WORK REQUIRED: Would you repeat the listing below verbatim and drop the images?

SOURCE INFORMATION:
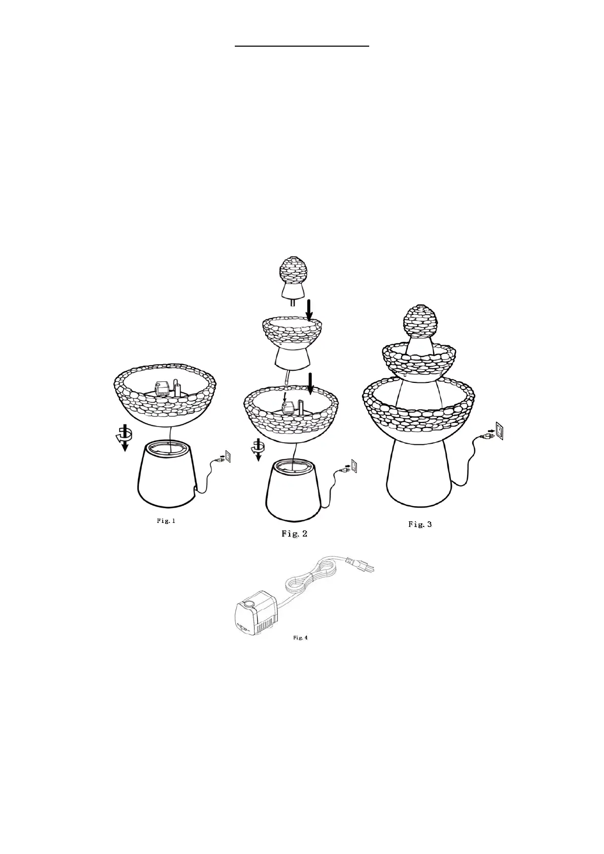 3. Place the pedestal on a flat, level surface, lead the power cord through the pipe in the middle of the fountain basin and through the hole of the
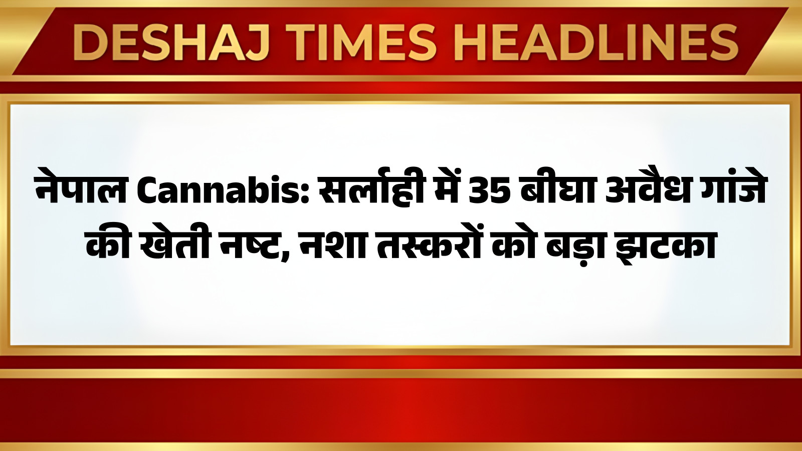 नेपाल के सर्लाही जिले में नशीले पदार्थों के खिलाफ एक बड़ी कार्रवाई को अंजाम दिया गया है। पुलिस और सशस्त्र पुलिस बल (APF) की एक संयुक्त टीम ने लालबंदी नगरपालिका के चुरे इलाके में विभिन्न स्थानों पर लगभग 35 बीघा जमीन पर की जा रही अवैध गांजे की खेती को पूरी तरह से नष्ट कर दिया है। इस कार्रवाई से इलाके में सक्रिय गांजा तस्करों और अवैध कारोबारियों को बड़ा झटका लगा है।
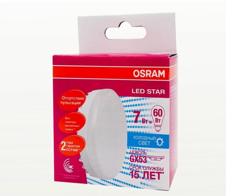 10шт/уп. Лампа LED Таблетка 7Вт 220-240V GX53 550Лм 4000К Угол 120 град. D-75mm L-24mm Свет Дневной белый OSRAM, уп. 10шт
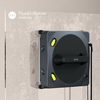 в комплекте также набор чистящих салфеток, флакон для воды/моющего средства; 2в1: сухая и влажная очистка, управление со смартфона, автоподача жидкости, авторежимы работы, подходит для любых гладких вертикальных покрытий; ёмкость для воды 30+30 мл
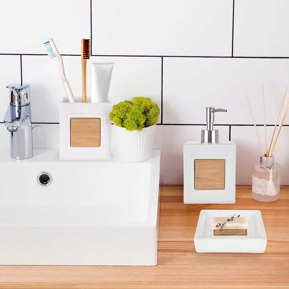 L’ensemble comprend un distributeur pour savon liquide à dosage précis, un gobelet pour brosses à dents ou accessoires cosmétiques et un porte-savon pour poser hygiéniquement un savon solide. Idéal pour la salle de bain comme pour les toilettes – aide à conserver l’ordre et une allure élégante.
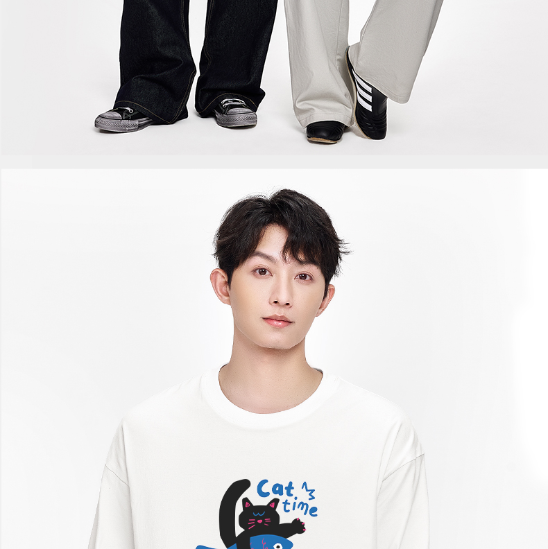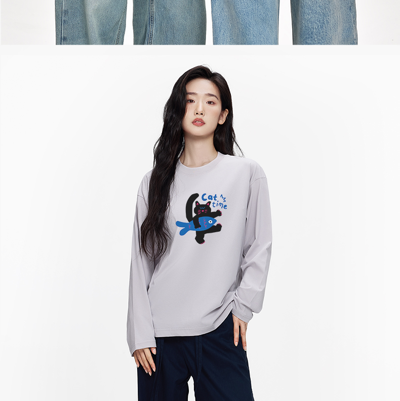 「棉的美学」萌趣白猫卡通印花打底长袖T恤宽松慵懒风ing纯棉上衣
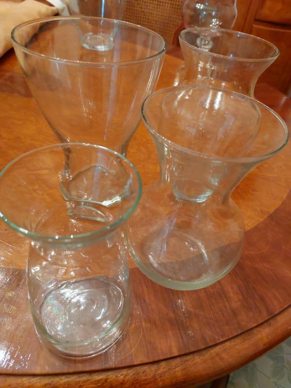For creative, cost-conscious, holiday cheer...arrive with a hostess gift you have made yourself! Nine glass vases, one ceramic bowl - all different sizes and shapes. You gather the pine, spruce, other greenery, some ribbons, and assorted ho, ho, ho holly, jolly knick-knacks, and let your imagination run wild! All in perfect condition.

RESPONSE:
 3. Place the pedestal on a flat, level surface, lead the power cord through the pipe in the middle of the fountain basin and through the hole of the
 नेपाल के सर्लाही जिले में नशीले पदार्थों के खिलाफ एक बड़ी कार्रवाई को अंजाम दिया गया है। पुलिस और सशस्त्र पुलिस बल (APF) की एक संयुक्त टीम ने लालबंदी नगरपालिका के चुरे इलाके में विभिन्न स्थानों पर लगभग 35 बीघा जमीन पर की जा रही अवैध गांजे की खेती को पूरी तरह से नष्ट कर दिया है। इस कार्रवाई से इलाके में सक्रिय गांजा तस्करों और अवैध कारोबारियों को बड़ा झटका लगा है।
 10шт/уп. Лампа LED Таблетка 7Вт 220-240V GX53 550Лм 4000К Угол 120 град. D-75mm L-24mm Свет Дневной белый OSRAM, уп. 10шт
 в комплекте также набор чистящих салфеток, флакон для воды/моющего средства; 2в1: сухая и влажная очистка, управление со смартфона, автоподача жидкости, авторежимы работы, подходит для любых гладких вертикальных покрытий; ёмкость для воды 30+30 мл
 L’ensemble comprend un distributeur pour savon liquide à dosage précis, un gobelet pour brosses à dents ou accessoires cosmétiques et un porte-savon pour poser hygiéniquement un savon solide. Idéal pour la salle de bain comme pour les toilettes – aide à conserver l’ordre et une allure élégante.
 「棉的美学」萌趣白猫卡通印花打底长袖T恤宽松慵懒风ing纯棉上衣
For creative, cost-conscious, holiday cheer...arrive with a hostess gift you have made yourself! Nine glass vases, one ceramic bowl - all different sizes and shapes. You gather the pine, spruce, other greenery, some ribbons, and assorted ho, ho, ho holly, jolly knick-knacks, and let your imagination run wild! All in perfect condition.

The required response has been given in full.